Pada awal tahun ajaran ini, para siswa harus melakukan beberapa latihan tempat perlindungan bom karena pertempuran jarak dekat di wilayah tersebut.

“Para siswa sendiri, ini adalah kesempatan untuk keluar dari kelas matematika, kelas apa pun, Anda tahu, pergi nongkrong dengan teman-teman mereka. Tempat penampungan kami berfungsi sebagai tempat penampungan bagi siswa kelas tujuh dan delapan serta kelas enam, jadi banyak siswa di satu tempat ini,” kata Peretz. “Saya juga merasa, secara umum, itu tergantung pada berita apa yang ada, tetapi (…) kami menggunakan humor dengan siswa saya saat mengerjakan latihan ini, Anda tahu, untuk membuatnya menjadi pengalaman yang lebih ringan.”

Sekolah Dasar Zin mempekerjakan profesional kesehatan mental tambahan, dan para guru bekerja lembur untuk mencari cara membantu para siswa baik dalam hal akademis maupun perasaan mereka sendiri.

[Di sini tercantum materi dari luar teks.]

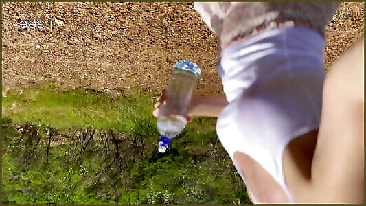 Outdoor Pissing in Public Park and Lake by Sexy Blonde

“Saya rasa tantangan terbesar sebagai guru tahun lalu adalah tidak patah semangat saat menerima berita buruk,” kata Peretz.

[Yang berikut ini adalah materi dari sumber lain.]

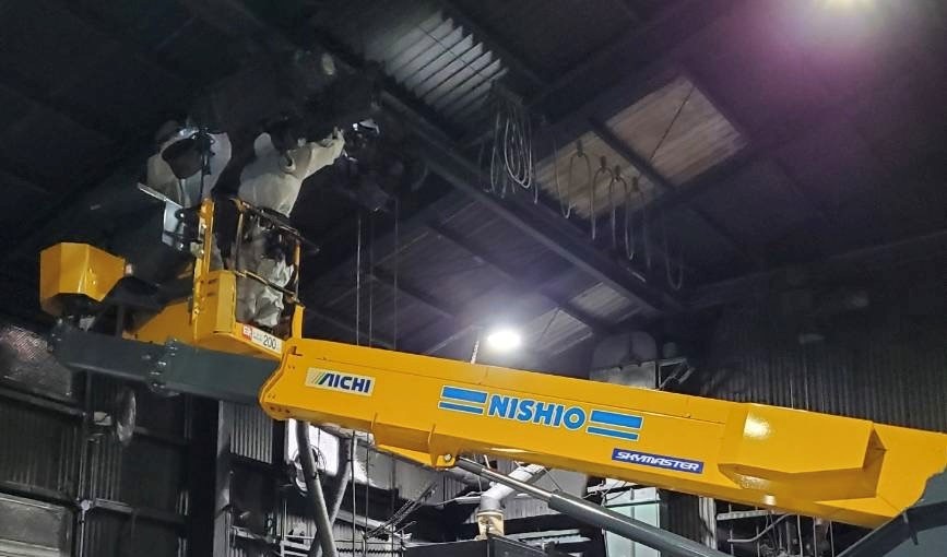 10月4日㈯に工場内に設置している天井クレーンの定期点検を実施いたしました。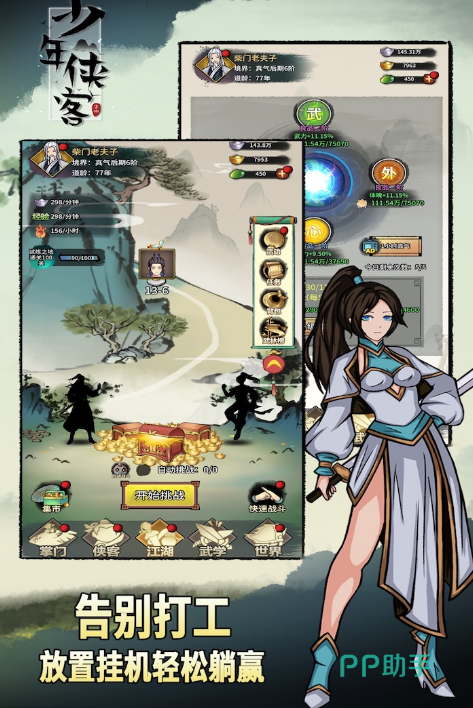 这是一款卡牌游戏,把武侠的招式和卡牌放在一起玩,让你感觉真的进入了武侠世界。你作为一个新手小虾米,在师父的指导下,会变得越来越厉害。游戏里有很多武侠电影里的经典打斗场面,你可以体验到高手之间打架时那种畅快的感觉。武侠技能可以随便调整,你想怎么用就怎么用,可以创造出自己独特的武功招式。简单说,就是让你在游戏中尽情享受成为武林高手的乐趣。

Para ahli mengatakan bahwa kematian dan kehancuran yang terjadi dalam konflik bersenjata sangat membekas, tetapi penting juga untuk tidak mengabaikan kerusakan yang diakibatkan oleh perang yang berlangsung sehari-hari.

Bahkan saat bom berjatuhan, para pendukung mengatakan sangat penting bagi guru untuk tetap mengajar, karena pendidikan yang baik menawarkan jalan terbaik ke depan baik bagi individu maupun masyarakatnya.

Frigenti menyoroti beberapa konsekuensi jangka panjang jika siswa tidak mengenyam pendidikan, seperti siklus kemiskinan dan berakhir pada pekerjaan bergaji rendah.

Bagi anak perempuan, dampaknya bisa berupa “nasib pernikahan dini,” yang berpotensi mencakup kehamilan di usia muda dan komplikasi kesehatan.

“Anda hanya bisa membayangkan dampak dari memiliki semua anak-anak yang tidak memiliki keterampilan, Anda tahu, yang akan tumbuh dan menjadi dewasa muda terhadap ekonomi negara mereka dan secara global, karena orang-orang ini, apa yang mereka lakukan? Mereka akan mencoba keluar dan mencari peluang yang lebih baik di tempat lain,” kata Frigenti.